Thanks in advance for your help

Turns out one my fields : Fileset_Name was automatically turned into a keyword : Fileset_Name.keyword (sorry for all those stupid assessement, i don't know where to search sometimes). Which is a bit tricky because you don't see this name being changed everywhere (not in Kibana discover for example).

Figured it has to do with this :

Fielddata is disabled on text fields by default. Set fielddata=true on [FileSet_Name] in order to load fielddata in memory by uninverting the inverted index.

Changed my mapping of this index a bit, and everything's in place now.

Sorry for the stupid post since i solved my problem just by thinking a bit

Great! However you have a much larger issue here that you need to address pretty urgently.

Your shard size is 0.065GB on average. That's way too small and you need to look at fixing that. The fix will depend on what sort of data you are storing (eg time based, or other).

Also please upgrade, 8.0 is just around the corner and 6.X was released a few years ago now.

Thanks a lot for your answer.

I'm open to some suggestion but for some context : This ES has been deployed without all of this in mind, and i'm just trying to keep it alive.

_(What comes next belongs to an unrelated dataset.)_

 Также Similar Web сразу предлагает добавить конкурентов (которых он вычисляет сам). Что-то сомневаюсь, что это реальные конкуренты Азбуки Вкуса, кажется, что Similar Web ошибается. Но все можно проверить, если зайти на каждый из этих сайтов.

Since it's monitoring a very huge cluster, i won't be able to get rid of past data. There are several index monitoring disk usage, jobs or nodes usages. One index for each of those metrics is created everyday and filled with everyday info.

Our ES has been really instable recently and the only solution we found to make it work, without losing some data has been to reduce shard number. So you're right pointing this.

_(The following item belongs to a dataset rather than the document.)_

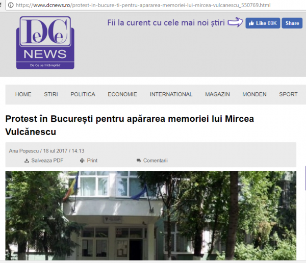 “În ședința Consiliului Local, care începe la ora 17, se dezbate modificarea hotărârii de schimbare a numelui liceului Mircea Vulcănescu. Ni se pare revoltător să schimbi numele liceului Vulcănescu, și din câte știm suntem la unison și cu elevii acestui liceu. Noi luptăm pentru păstrarea vie a memoriei elitei românești, și deci a României”, a declarat pentru DcNews, Florin Dobrescu, președintele Fundației Ion Gavrilă Ogoranu.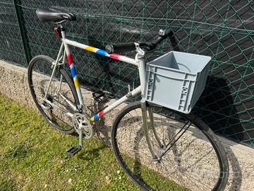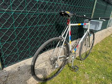 Bici da corsa vintage modificata per confort. Dispongo di tutte le sue parti originali: manubrio corsa, freni, sella…. Gruppo completo e ruote Shimano 105

If you have any suggestion on how to increase shards size (or reducing shard number would be smarter in this case) i would be glad to hear it

Also, I suggested upgrading, but the since it's supposed to be replaced by some industrialized ELK stack in the near future (a year), they don't want me to upgrade since they fear we lose some data, or everything is broken.

Thanks a lot for your answer, this really helps me understand a bit more ES.

The first step is usually to change your sharding strategy so you stop creating a lot of new small indices. Merge indices together and consider changing the time period each index covers, e.g. go from daily indices to weekly and/or monthly ones. If you have a defined retention period this will reduce the shard count over time.

If you are having stability issues (quite possible as you have far, far too many shards for a cluster that size) you may need to 1) delete data 2) use the shrink index API to reduce the number of primary shards for existing indices 3) Reindex old indiced into larger ones and then cleaning up the old ones.

This topic was automatically closed 28 days after the last reply. New replies are no longer allowed.